6. In an address to the people of Pennsylvania, James Wilson, one of the delegates from that State, said: "When the measure (the Declaration of Independence) began to be an object of contem­plation in Congress, the delegates of Pennsylvania were expressly restricted from consenting to it. My uniform language in Congress was, that I never would vote for it, contrary to my instructions. I went further, and declared that I never would vote for it, without your authority.... When your authority was communicated by the conference of Committees from the several counties of the State. I then stood upon very different grounds: I declared so in Congress. I spoke and voted for the measure."

7. It appears that the delegates from Delaware and South Carolina had no positive instructions, but were permitted to exercise their own judgment in emergencies like this. Those from South Caro­lina, it is probable, were hurried into harmony by Sir Henry Clinton's invasion of their State. It has been said by respectable au­thorities that the course of these as well as of other delegates was determined by the repulse (June 28) of Sir Henry's army and Sir Peter Parker's fleet; but it is not probable that news could have gone from Charleston to Philadelphia in six days.

8. Thus "affecting local allegiance" nearly a twelvemonth before the date of the Declaration of Independence. "They" (the commit­tees of the counties), says Wheeler "had a test oath to which all persons had to subscribe, which was paramount to the oath of alle giance to the English Crown.''' - Wheeler, Series I, Chapter IX.

9. This was passed on the 12th of April, 28 days before the Continental Congress advised the Colonies to adopt Constitutions!

10. One of the most glaring non-sequiturs in all the writings of the consolidationists occurs on page 525 of Bancroft's fourth volume, as follows: "On the 24th (June) Congress 'resolved that all persons abiding within any of the united Colonies, and deriving protection from its laws, owe allegiance to the said laws, and are members of such Colony'; and it charged the guilt of treason upon 'all members of any of the united Colonies who should be adherent to the King of Great Britain. giving to him aid and comfort.' The fellow-subjects of one king became fellow-lieges of one republic. They all had one law of citizenship and one law of treason."

11. Curtis's Life of Webster, Volume II, pages 518-519.

12. See Note F.

13. The consolidationists at an early date (Mr. Webster, e. g., at the laying of the Corner Stone of the Bunker Hill Monument, on June 17, 1825) substituted "over" for "between," and to-day very few people have the courage to deny that the Government is "over" the States.

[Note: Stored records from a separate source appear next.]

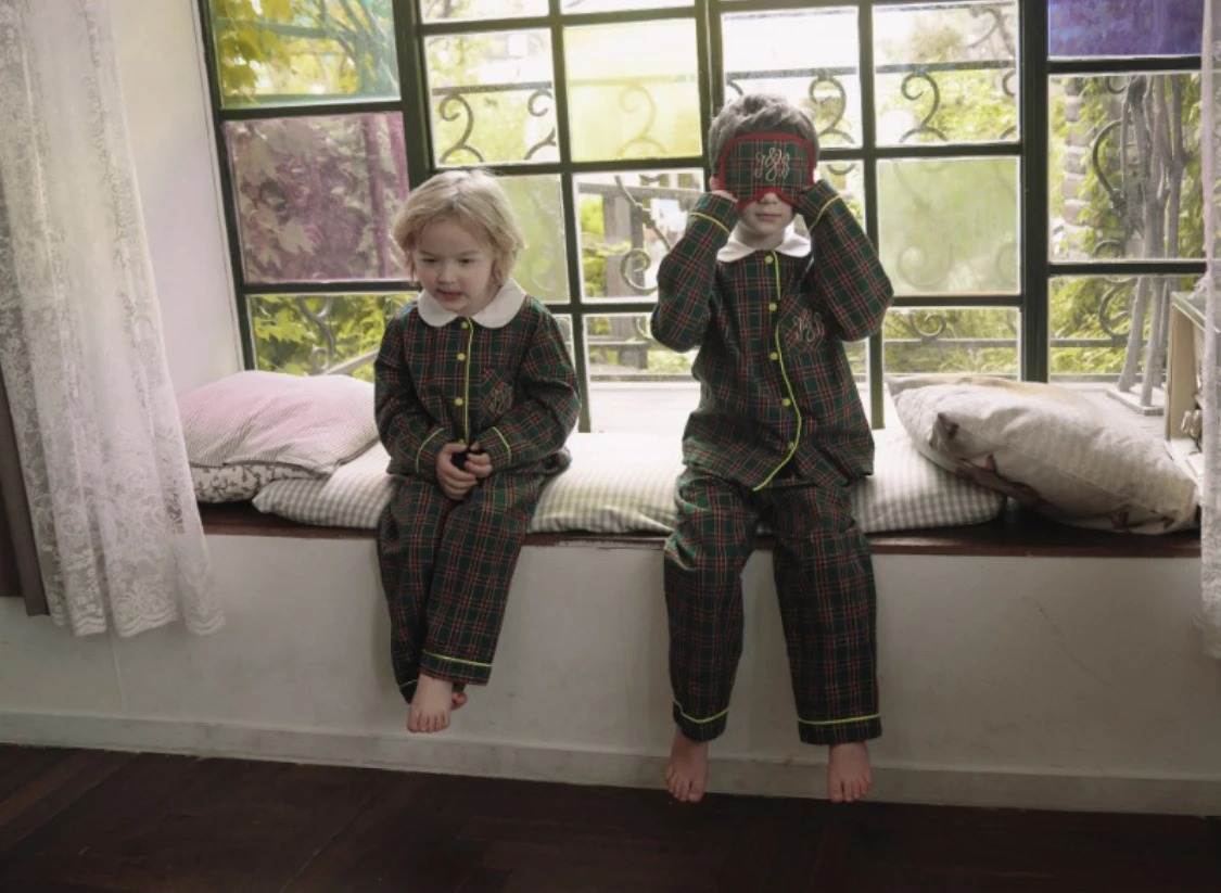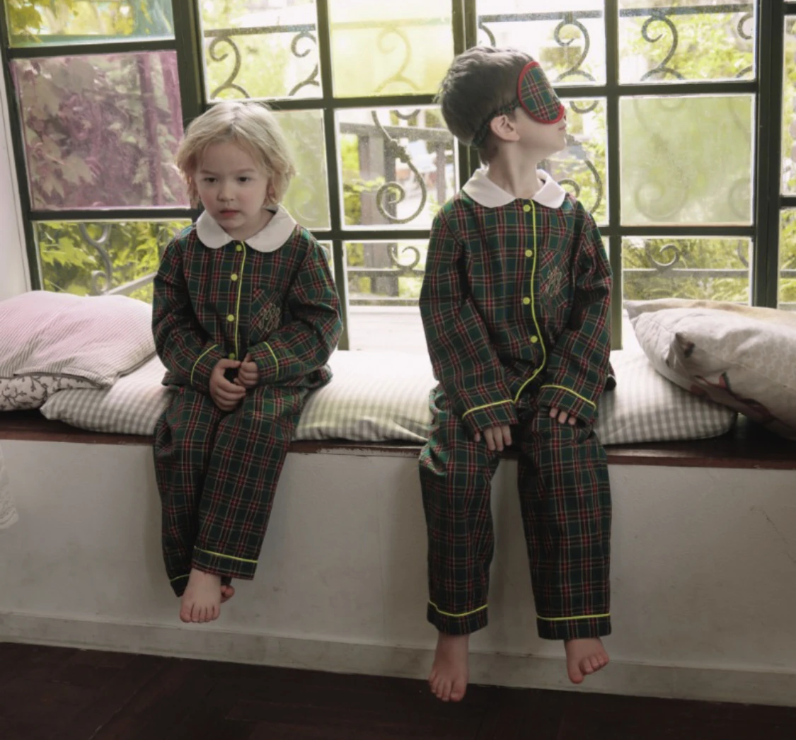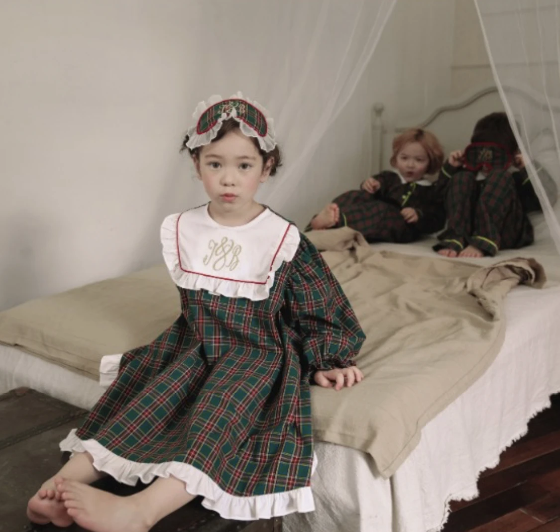 Детские винтажные пижамные комплекты в зеленую клетку с повязкой на глаза, домашняя одежда для сна для малышей, пижамный комплект для девочек и мальчиков, детская одежда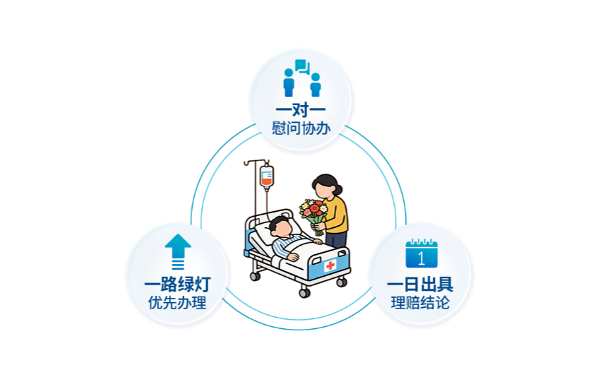 一日出具理赔结论:原则上在1个工作日内出具理赔结论,第一时间缓解客户资金压力,让客户安心康复、无忧生活。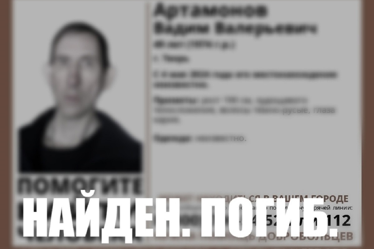 Пропавшего в Твери Вадима Артамонова обнаружили погибшим. Об этом сообщает поисковый отряд «ЛизаАлерт» Тверской области.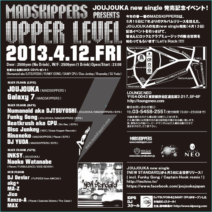 今年の春一番のMADSKIPPERSは、5月15日に7年ぶりのアルバムリリースを控えた、JOUJOUKAの先攻new single発売(4月13日)記念イベントを引っさげて、皆さんにロックとクラブミュージックの融合空間を味わってもらいます!Let's Rock !!!!!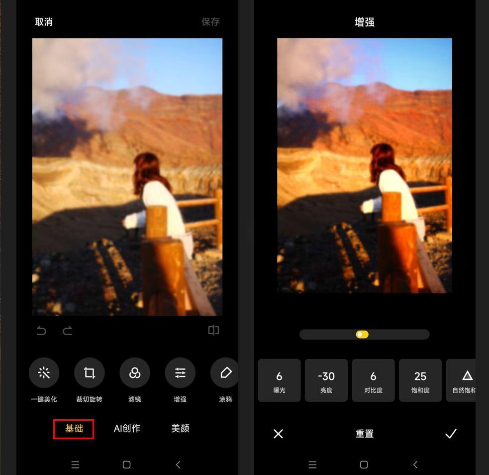 现在的手机相机已经相当智能化,很多手机都自带了照片修复功能。例如小米手机相册,它自带了一些基本的照片修复功能,我们可以通过调整亮度、对比度、饱和度等参数来优化照片。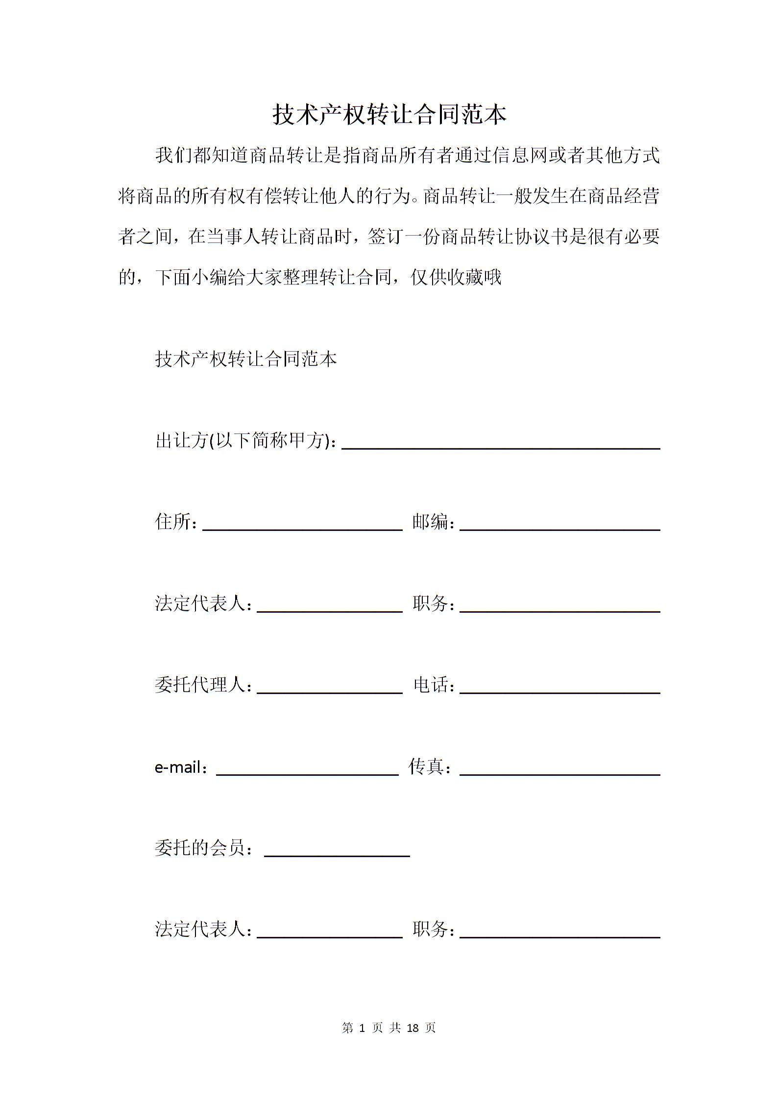 技术产权转让合同范本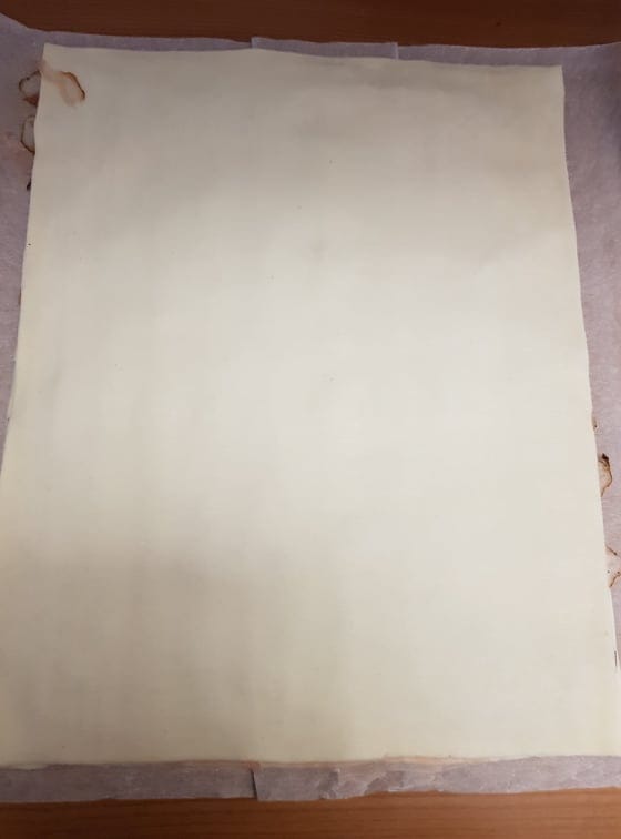 • Começamos a preparar a Árvore de natal com massa folhada e speck, desenrole a massa folhada e coloque-a em uma superfície, arrume também todas as fatias de speck em uma das massas, como você vê na foto.

14. This word "commonwealth" was substituted by the Puritans of England for "kingdom," being the English equivalent for the Latin Respublica; and the change was made because there was a change in the source of political power, the freedom, sovereignty and inde­pendence of England not being affected. Thence it was imported into these Colonies in 1776, and adopted by some of them. It was a specific title, while "State" was general; but both, in political no­menclature, implied nothing less than absolute autonomy.


NOTE F.

The flag of the United States preserves the truth as to the "one people" doctrine. On June 14, 1777, the Congress which submitted the Articles to the States, passed this resolution: "That the flag of the thirteen United States be thirteen stripes, alternate red and white, with thirteen stars, white in a blue field, representing a new Constellation." Afterwards the stars in the "new constellation" were increased as new States were added to the Union, the first act of the Congress presiding for such increase being passed April 4, 1818.

It was a union of separate and sovereign States, bound together by the ties of mutual interest and for mutual defense, the same ties which bound them under the Articles and under the Constitution. Such was the significance of the flag in the beginning, and nothing has happened since to impart any other significance to it. If this is not true, the stars should have been long ago removed from it and the population of the "Nation" substituted for them, the thirteen stripes remaining to remind us of the time when the United States "were."